The task. Everything in the records except the pictures must be copied out exactly.
# # # # #
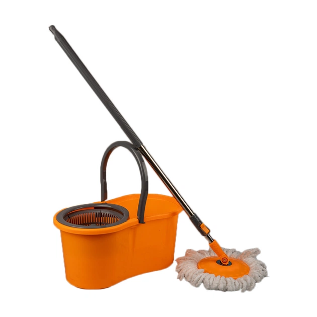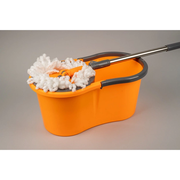 Комплект для прибирання складається з відра та швабри з насадкою для миття всіх видів підлогових покриттів. Швабра має телескопічну ручку та шарнір, який дозволяє обертатися на 360 градусів.
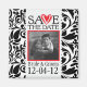 Imã salve a data com cores vermelha, preta e branca. Damask, fundo do padrão floral em preto sobre fundo branco. Quadro de foto branco de borda variável com as palavras SALVAR A DATA em letras maiúsculas. O "v" dobra como um coração vermelho. Estilo Vintage, damask com campos personalizados para a data, nomes e fotos do noivo e do noivo.
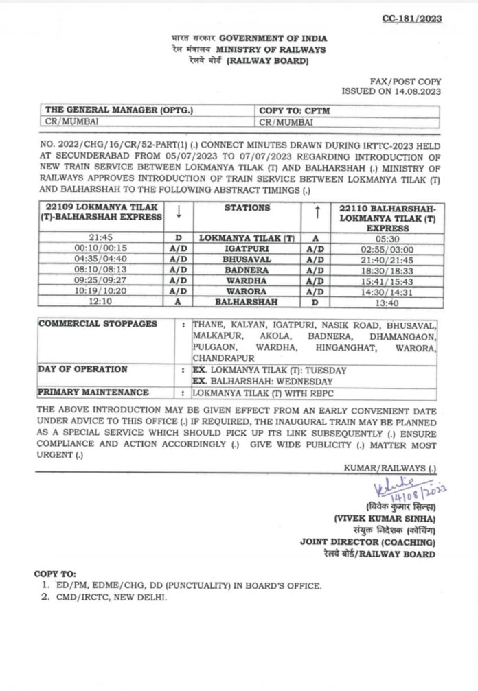 22109 लोकमान्य तिलक टर्मिनस-बल्लारशाह एक्सप्रेस, लोकमान्य तिलक टर्मिनस दिनांक 12.03.2024 से 21.45 बजे प्रस्थान करेगी। और अगले दिन 12.10 बजे बल्लारशाह पहुंचेगी.
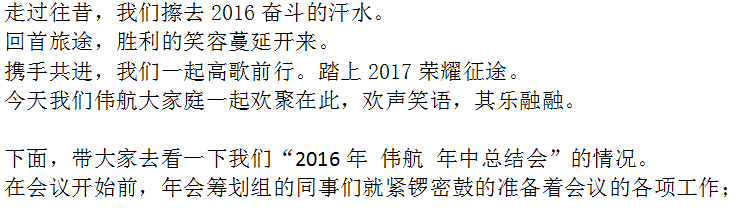 公司于2019年2月1日在雅安 周公山楠水閣溫泉酒店舉辦了“偉航2018年年會(huì)”,偉航人用聰明智慧,無(wú)限才藝,使得年會(huì)圓滿(mǎn)落幕,18年是偉航成立十周年,有偉航人的汗水與歡樂(lè),19年是偉航新十年征程,我們?cè)俪霭l(fā)!發(fā)布時(shí)間:2016-12-26
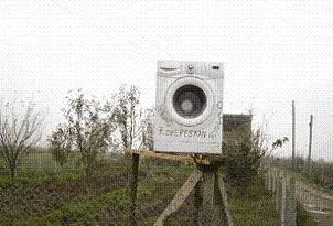 Söğütlü Kaynarca arasındaki yoldan geçen sürücüler ya da yayalar, bir evin önünde yaklaşık 2 metre yüksekliğindeki bir iskele üzerine konulan ve üstünde çeşitli yazılar bulunan çamaşır makinesine bakmadan edemiyor. Aracıyla geçenler ise merak uyandırıcı bu durumu yakından görmek için geri dönme ihtiyacı hissediyor.
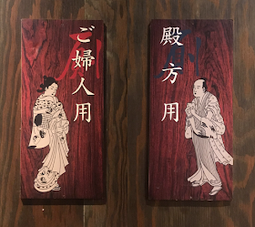 浮世絵ですね.殿と姫というよりは町人のキャラクターでしょう.和のテイストをうまく表現しているトイレサインですが,日本語のわからない外国人にとって,区別できるかどうか,若干,疑問ではあります.
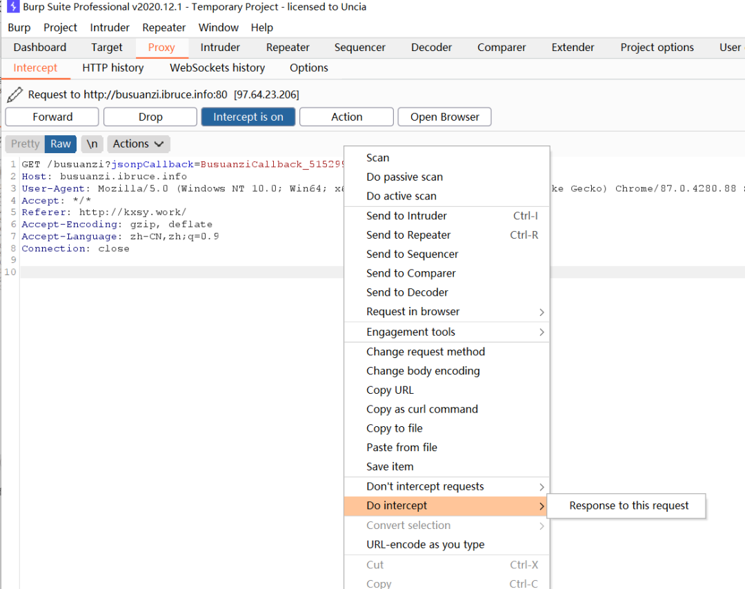 拦截当前数据包的 返回包,可以进行伪造验证等操作,在之后的渗透中会使用到
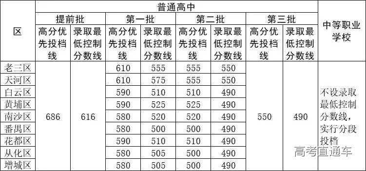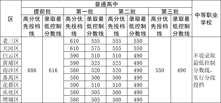 ■ (二)第一批高分优先投档线各区均有不同程度的上调,老三区、天河区为610分,白云区、黄埔区、花都区为590分,其他区为580分。录取最低控制分数线在去年基础上普遍上调。
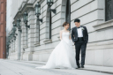ロケ地に選んだのはお二人の出会った大学でした。キャンパス内にこんなに和装にぴったりのロケーションがあるなんて!
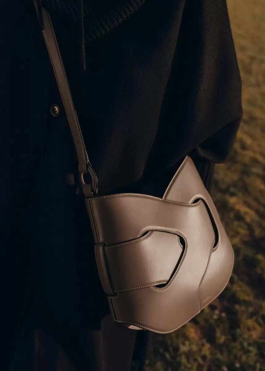 The “Nodde Hobo,” whose name echoes the French word for “knot,” is made up of two perfectly symmetrical, intertwined leather modules. Its beveled design accentuates its dynamic design and its base, set into the main body of the bag using a distinctive assembly technique.
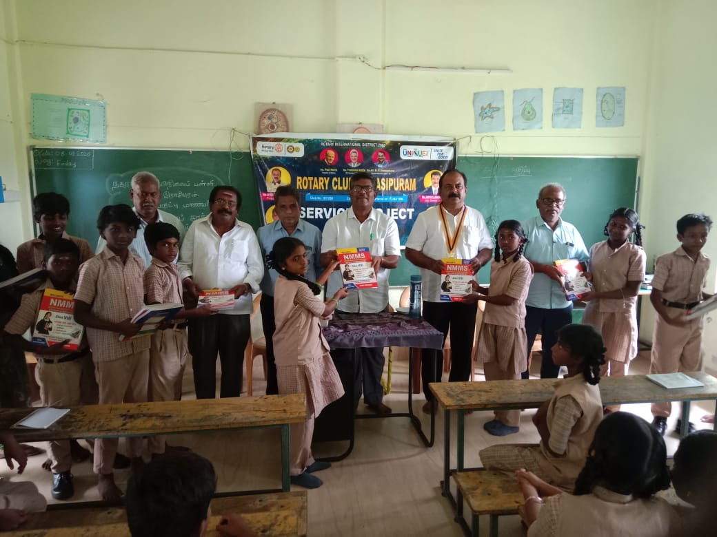 NMMS materials distributed to 8 students of PUMS, Kaattur, Rasipuram on 08.8.2025.
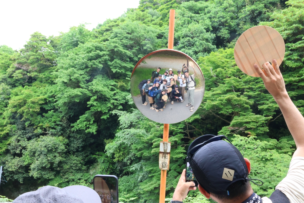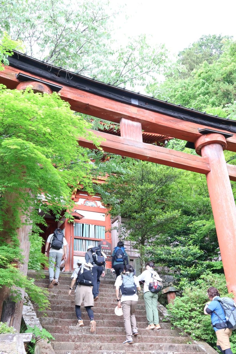 雨予報を吹き飛ばし、ときおり晴れ間ものぞいたイベントの舞台は、山全体が世界遺産に登録される吉野山。地域の歴史や文化に触れて歩く山旅の魅力を発信する、低山トラベラー・大内征さんが案内人となり、KEENのハイキングシューズの履き心地を体感する1日がスタートしました!
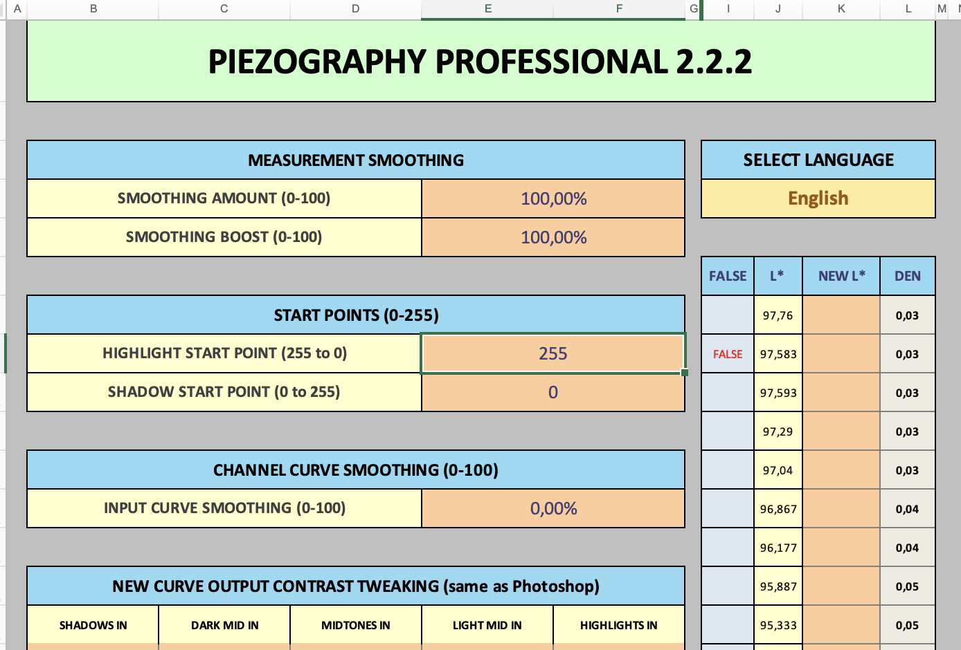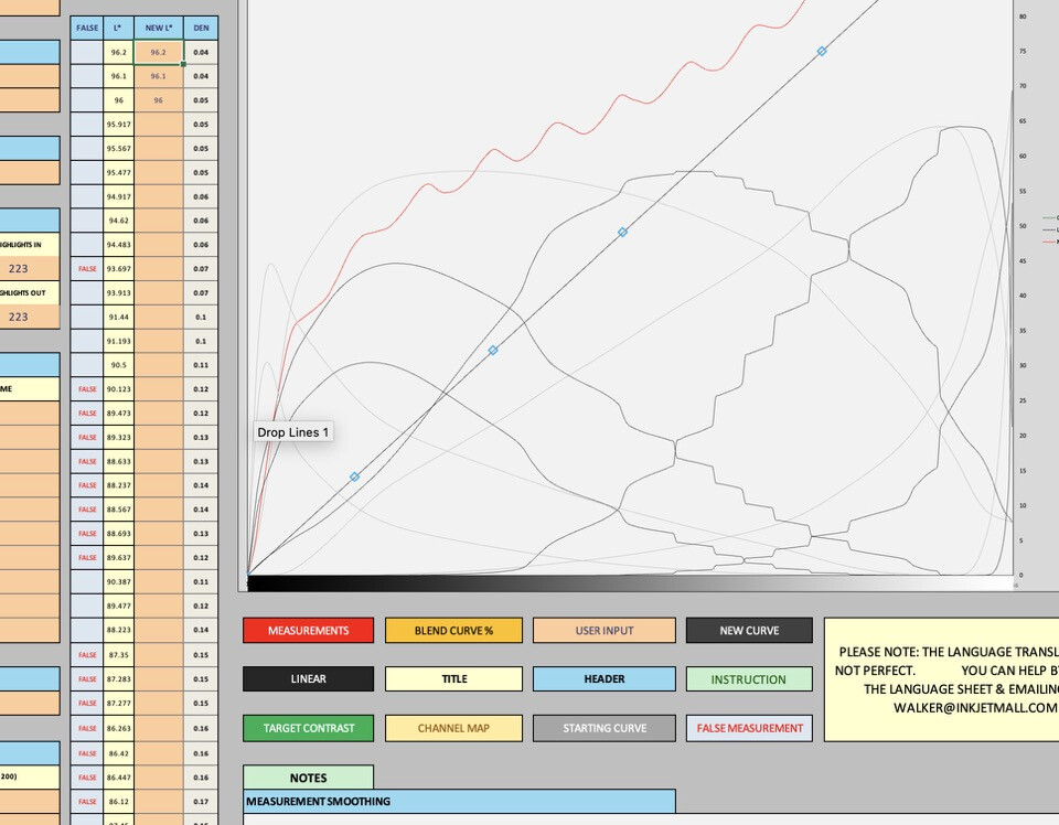 I noticed in the xls you sent that you have created your own starting curve which is neither a Piezography Pro curve nor a legacy K6 curve… but your own using standard K6 shades.
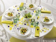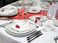 - A tablecloth must be present on the table. This will give even the most ordinary meal a festive and solemn mood. It is better if the tablecloth is a light shade. Dishes on such a canvas will look stylish. According to the rules, the tablecloth should hang no more than 30 cm from the edge of the table.
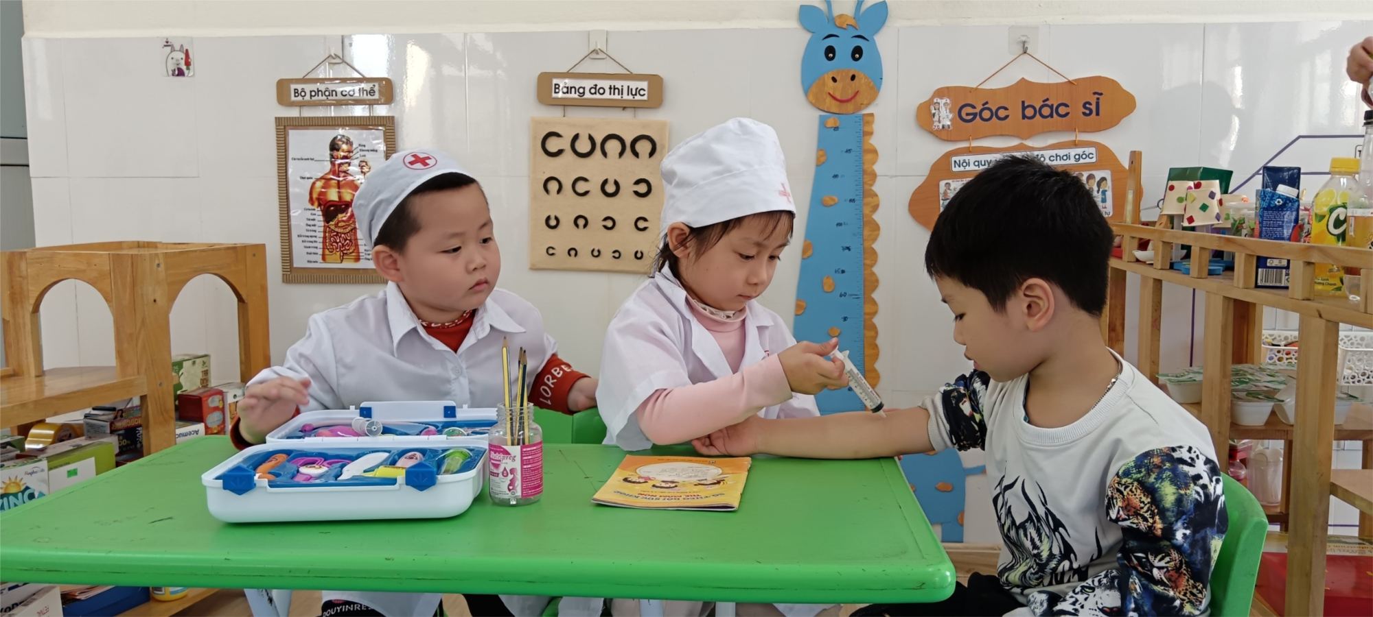 Trẻ tham gia vào các góc chơi ở lớp như: Góc bán hàng; Góc xây dựng; Góc toán; Góc sách truyện; Góc tạo hình - âm nhạc; Góc khám phá; Góc bác sĩ; Góc nấu ăn…Ở mỗi góc chơi trẻ đều được học những kiến thức, kỹ năng khác nhau và quan trọng hơn cả là trẻ có cơ hội được thể hiện mình và biết phối hợp cùng các bạn tham gia các hoạt động.
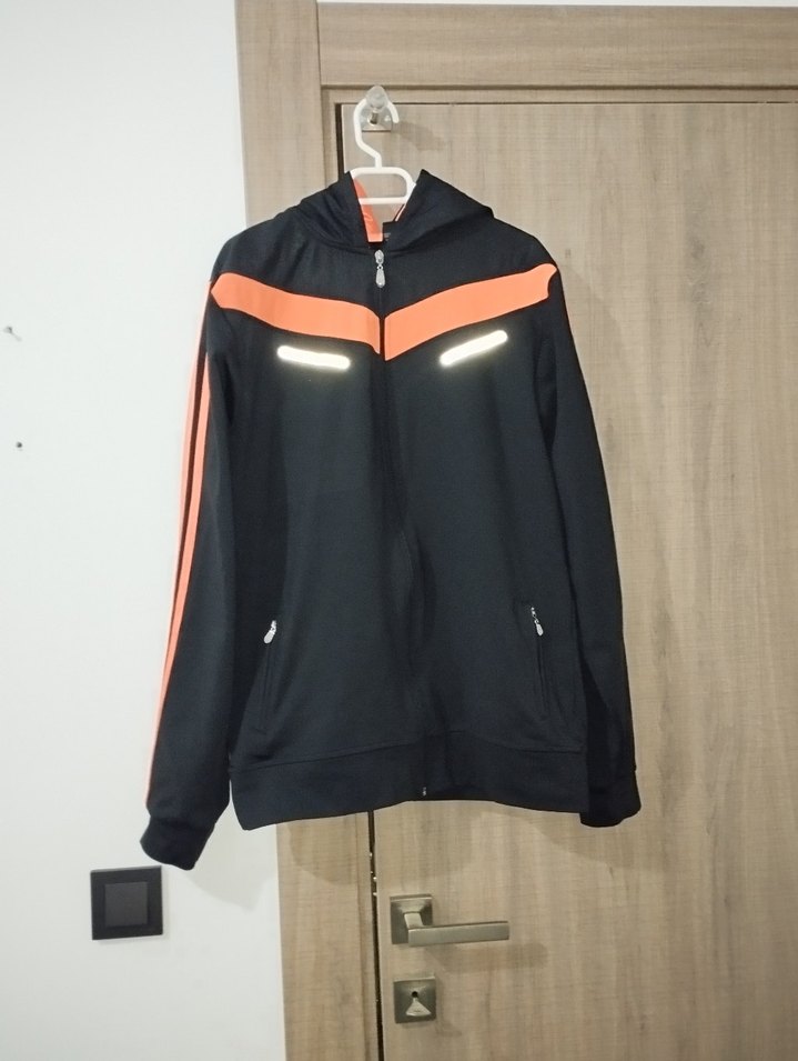 Fermuarlı cepli, uzun kollu, yüksek yakalı siyah erkek sweatshirt. Turuncu şeritler ve reflektör detaylarıyla spor ve günlük kullanıma uygun.
# # # # #
Response to this exercise.
 Комплект для прибирання складається з відра та швабри з насадкою для миття всіх видів підлогових покриттів. Швабра має телескопічну ручку та шарнір, який дозволяє обертатися на 360 градусів.
 Imã salve a data com cores vermelha, preta e branca. Damask, fundo do padrão floral em preto sobre fundo branco. Quadro de foto branco de borda variável com as palavras SALVAR A DATA em letras maiúsculas. O "v" dobra como um coração vermelho. Estilo Vintage, damask com campos personalizados para a data, nomes e fotos do noivo e do noivo.
 22109 लोकमान्य तिलक टर्मिनस-बल्लारशाह एक्सप्रेस, लोकमान्य तिलक टर्मिनस दिनांक 12.03.2024 से 21.45 बजे प्रस्थान करेगी। और अगले दिन 12.10 बजे बल्लारशाह पहुंचेगी.
 公司于2019年2月1日在雅安 周公山楠水閣溫泉酒店舉辦了“偉航2018年年會(huì)”,偉航人用聰明智慧,無(wú)限才藝,使得年會(huì)圓滿(mǎn)落幕,18年是偉航成立十周年,有偉航人的汗水與歡樂(lè),19年是偉航新十年征程,我們?cè)俪霭l(fā)!發(fā)布時(shí)間:2016-12-26
 Söğütlü Kaynarca arasındaki yoldan geçen sürücüler ya da yayalar, bir evin önünde yaklaşık 2 metre yüksekliğindeki bir iskele üzerine konulan ve üstünde çeşitli yazılar bulunan çamaşır makinesine bakmadan edemiyor. Aracıyla geçenler ise merak uyandırıcı bu durumu yakından görmek için geri dönme ihtiyacı hissediyor.
 浮世絵ですね.殿と姫というよりは町人のキャラクターでしょう.和のテイストをうまく表現しているトイレサインですが,日本語のわからない外国人にとって,区別できるかどうか,若干,疑問ではあります.
 拦截当前数据包的 返回包,可以进行伪造验证等操作,在之后的渗透中会使用到
 ■ (二)第一批高分优先投档线各区均有不同程度的上调,老三区、天河区为610分,白云区、黄埔区、花都区为590分,其他区为580分。录取最低控制分数线在去年基础上普遍上调。
ロケ地に選んだのはお二人の出会った大学でした。キャンパス内にこんなに和装にぴったりのロケーションがあるなんて!
 The “Nodde Hobo,” whose name echoes the French word for “knot,” is made up of two perfectly symmetrical, intertwined leather modules. Its beveled design accentuates its dynamic design and its base, set into the main body of the bag using a distinctive assembly technique.
 NMMS materials distributed to 8 students of PUMS, Kaattur, Rasipuram on 08.8.2025.
 雨予報を吹き飛ばし、ときおり晴れ間ものぞいたイベントの舞台は、山全体が世界遺産に登録される吉野山。地域の歴史や文化に触れて歩く山旅の魅力を発信する、低山トラベラー・大内征さんが案内人となり、KEENのハイキングシューズの履き心地を体感する1日がスタートしました!
 I noticed in the xls you sent that you have created your own starting curve which is neither a Piezography Pro curve nor a legacy K6 curve… but your own using standard K6 shades.
 - A tablecloth must be present on the table. This will give even the most ordinary meal a festive and solemn mood. It is better if the tablecloth is a light shade. Dishes on such a canvas will look stylish. According to the rules, the tablecloth should hang no more than 30 cm from the edge of the table.
 Trẻ tham gia vào các góc chơi ở lớp như: Góc bán hàng; Góc xây dựng; Góc toán; Góc sách truyện; Góc tạo hình - âm nhạc; Góc khám phá; Góc bác sĩ; Góc nấu ăn…Ở mỗi góc chơi trẻ đều được học những kiến thức, kỹ năng khác nhau và quan trọng hơn cả là trẻ có cơ hội được thể hiện mình và biết phối hợp cùng các bạn tham gia các hoạt động.
 Fermuarlı cepli, uzun kollu, yüksek yakalı siyah erkek sweatshirt. Turuncu şeritler ve reflektör detaylarıyla spor ve günlük kullanıma uygun.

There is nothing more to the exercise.